Microbes are ecological receptors mentioned in recent reviews as requiring much research attention due to their sensitivity to contaminants. Irrespective of this, studies have focused on metals (Bardgett and Saggar 1994), PAHs (Towell et al. 2010), trinitrotoluene (George et al. 2008; Butler et al. 2011; Fahrenfeld et al. 2013), diesel (Sutton et al. 2013), total petroleum hydrocarbons (Pietravalle and Aspray 2013) and other persistent organic pollutants (Welp and Brümmer 1999). However, there is general lack of information on the impact of N-PAHs on soil microbial respiration.
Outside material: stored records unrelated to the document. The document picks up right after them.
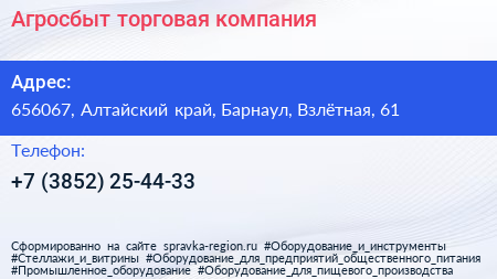 Агросбыт, торговая компания по адресу 656067, Алтайский край, Барнаул, Взлётная, 61 в дальнейшем Организация, размещена в следующих категориях: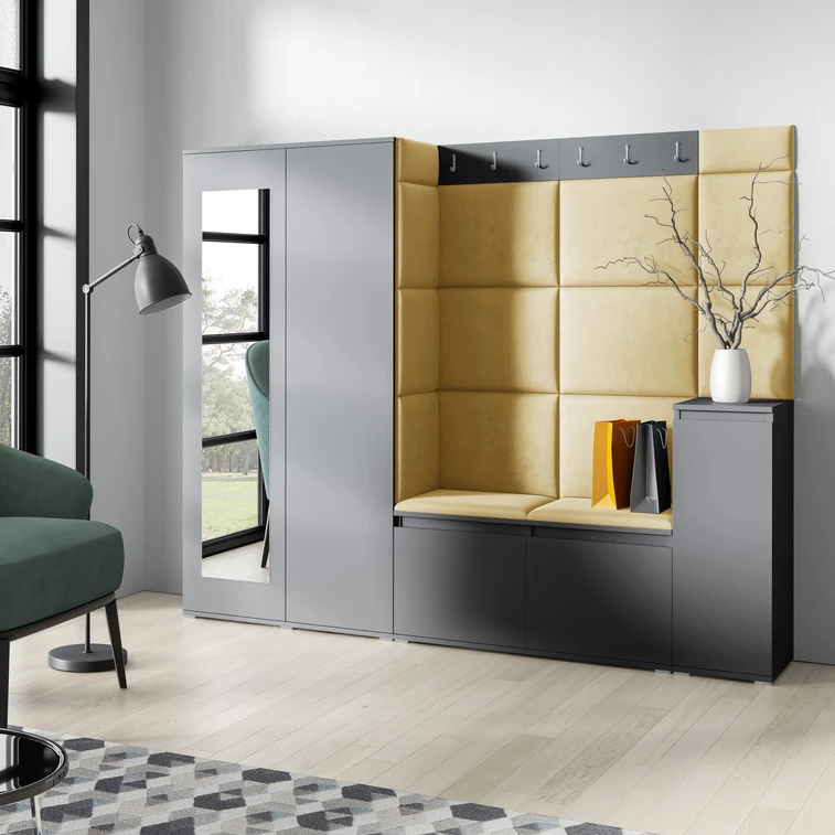 Předsíňová stěna AMI 27 - se zrcadlem Světle žlutá Grafit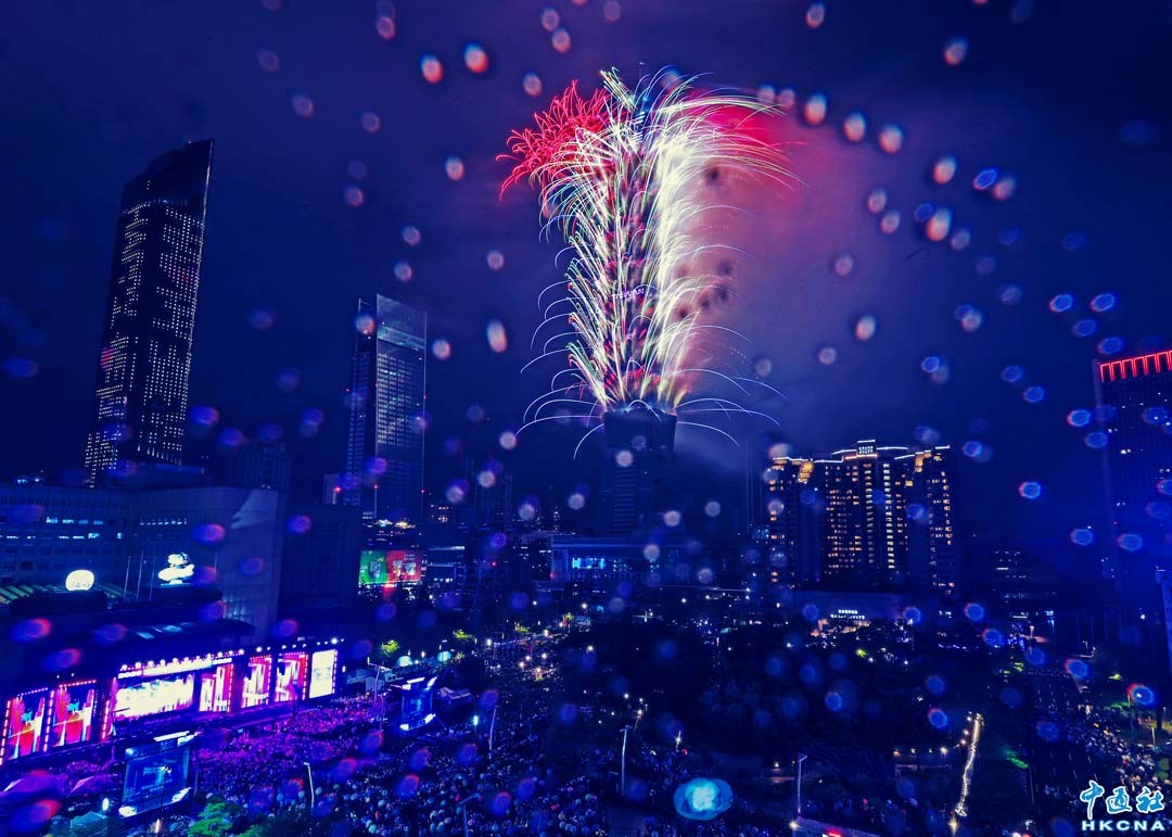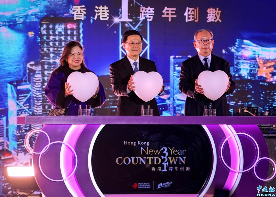 1月1日凌晨,香港跨年倒數活動踏入高潮,香港特別行政區行政長官李家超與文化體育及旅遊局局長羅淑佩、旅發局主席林建岳一同主持倒數啟動儀式,中環8幢地標建築上演精彩的光影表演,標誌著2026年的正式到來。圖為中環上演光影表演。香港特別行政區行政長官李家超(中),文化體育及旅遊局局長羅淑佩(左),旅發局主席林建岳(右)主持儀式。(香港中通社記者 鄧梓傑 攝)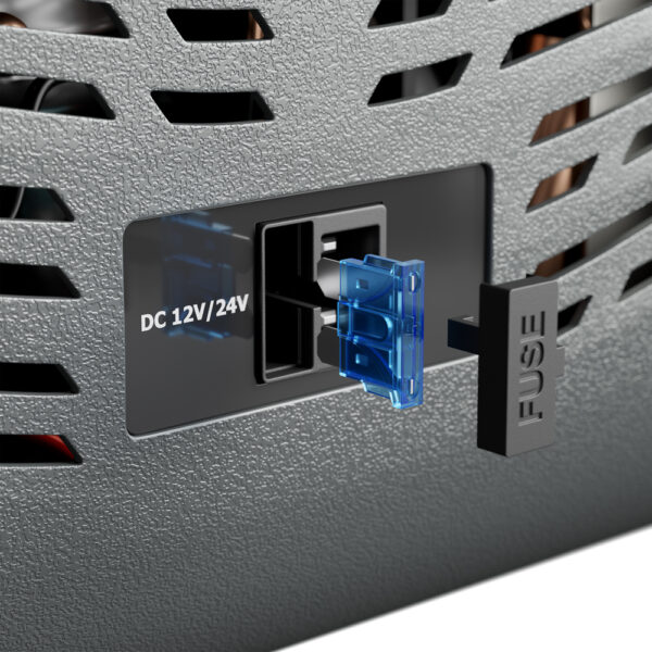 - – DC 12/24 V Anschluss – direkt im Auto oder Camper anschließen und sofort volle Kühlpower genießen.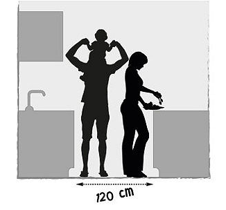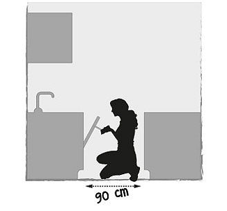 Nous vous conseillons vivement de conserver une largeur de couloir supérieure à 90 cm afin d’ouvrir facilement les éléments de la cuisine (placards ou four). Pour les familles nombreuses, l’écart idéal est de 120 cm minimum.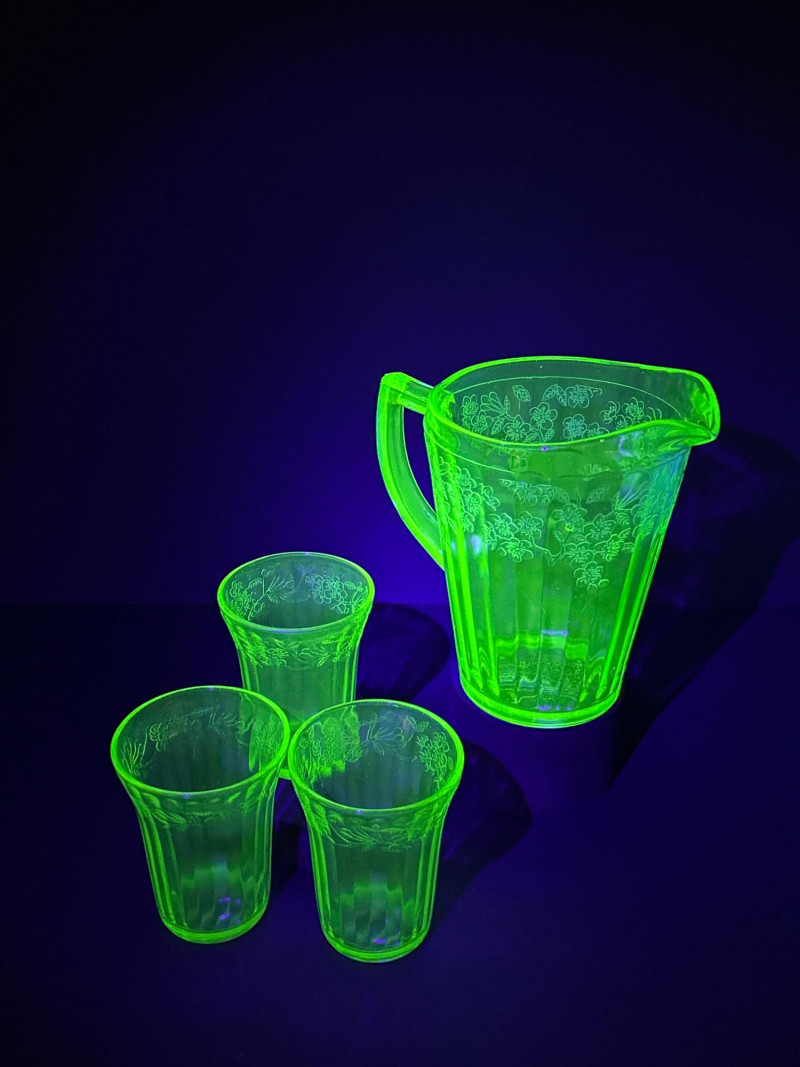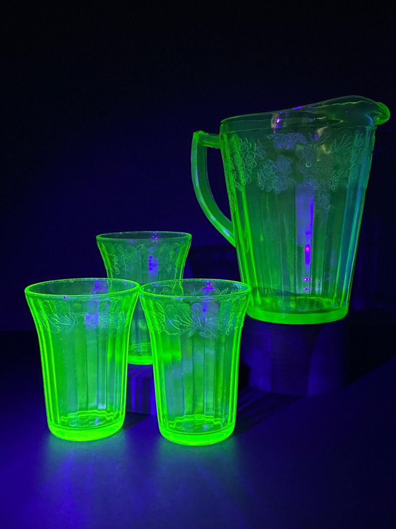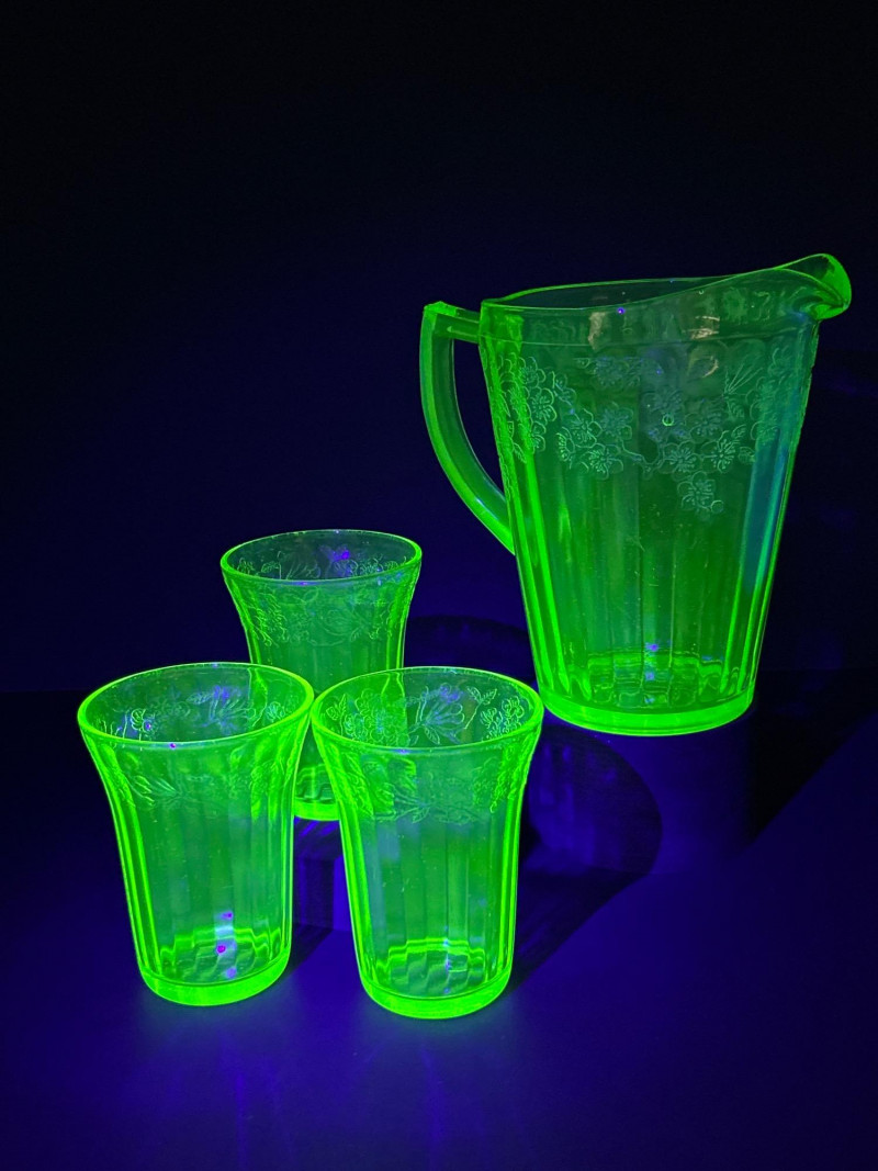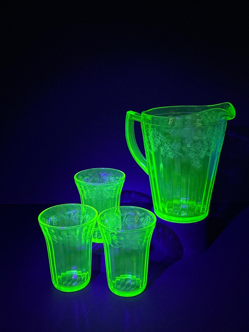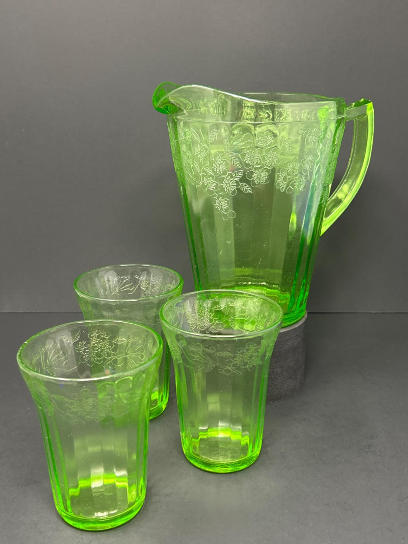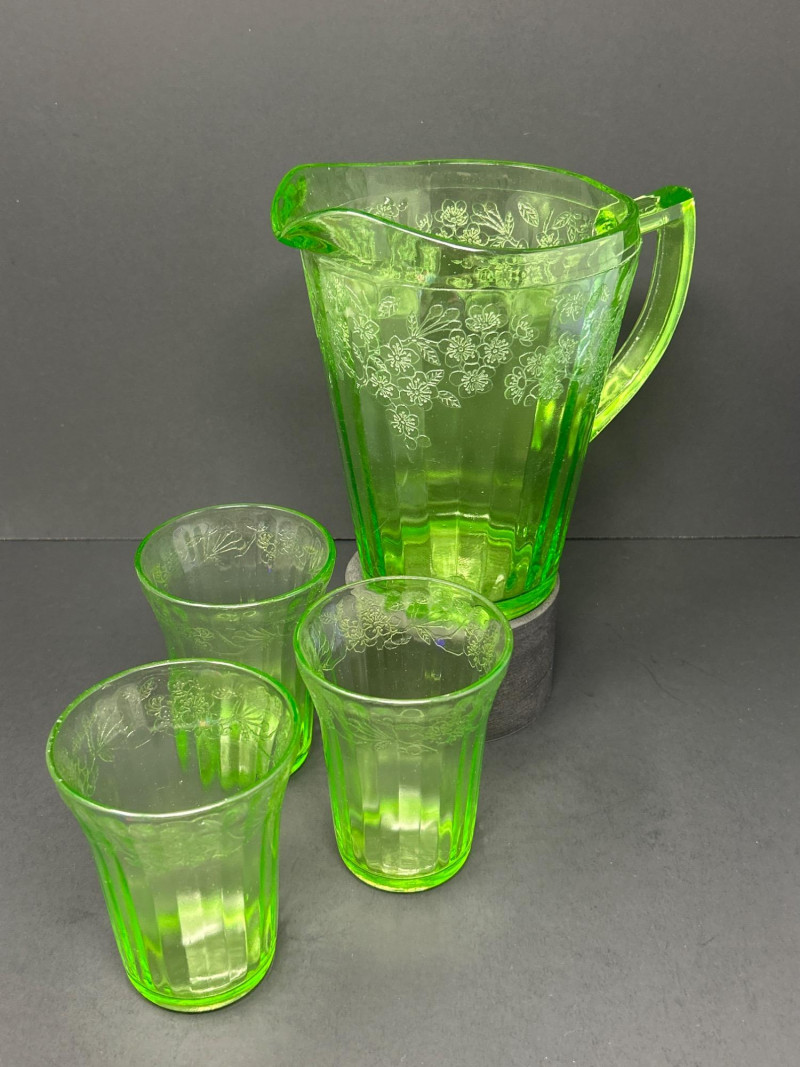 A radiant 1930s Depression-era glass beverage set by Jeanette Glass Company, featuring the beloved “Cherry Blossom” etched pattern. This glowing uranium green set includes one paneled pitcher and three matching tumblers that come alive under UV light with a stunning neon fluorescence. The design showcases intricate cherry blossom sprays in delicate relief—an iconic motif among Depression glass collectors. Originally valued at $70, this elegant set remains a cherished example of early American pressed glass artistry. Lot Details: Maker: Jeanette Glass Company Pattern: Cherry Blossom Date: Circa 1930–1939 Material: Uranium Depression Glass (fluorescent under UV light) Color: Green Design: Floral etch with paneled body Includes: (1) Pitcher – approx. 7½″ tall × 5″ across (3) Tumblers – each approx. 4″ tall × 3″ across Collecting Note:

Therefore, the aim of this study was to assess the impact of phenanthrene and its 3-ring N-PAHs on soil microbial respiration. With an automated respirometer, it is possible to obtain real time measurement of the CO₂ production in many samples after the addition of glucose supplement. Thus, SIR using standard laboratory equipment the “Automated Columbus Instrument’s Micro-Oxymax” was used for this study because it is capable of measuring the production of CO₂ from soil over time. In addition, chemical analysis was performed to measure the loss of contaminants in soil over time.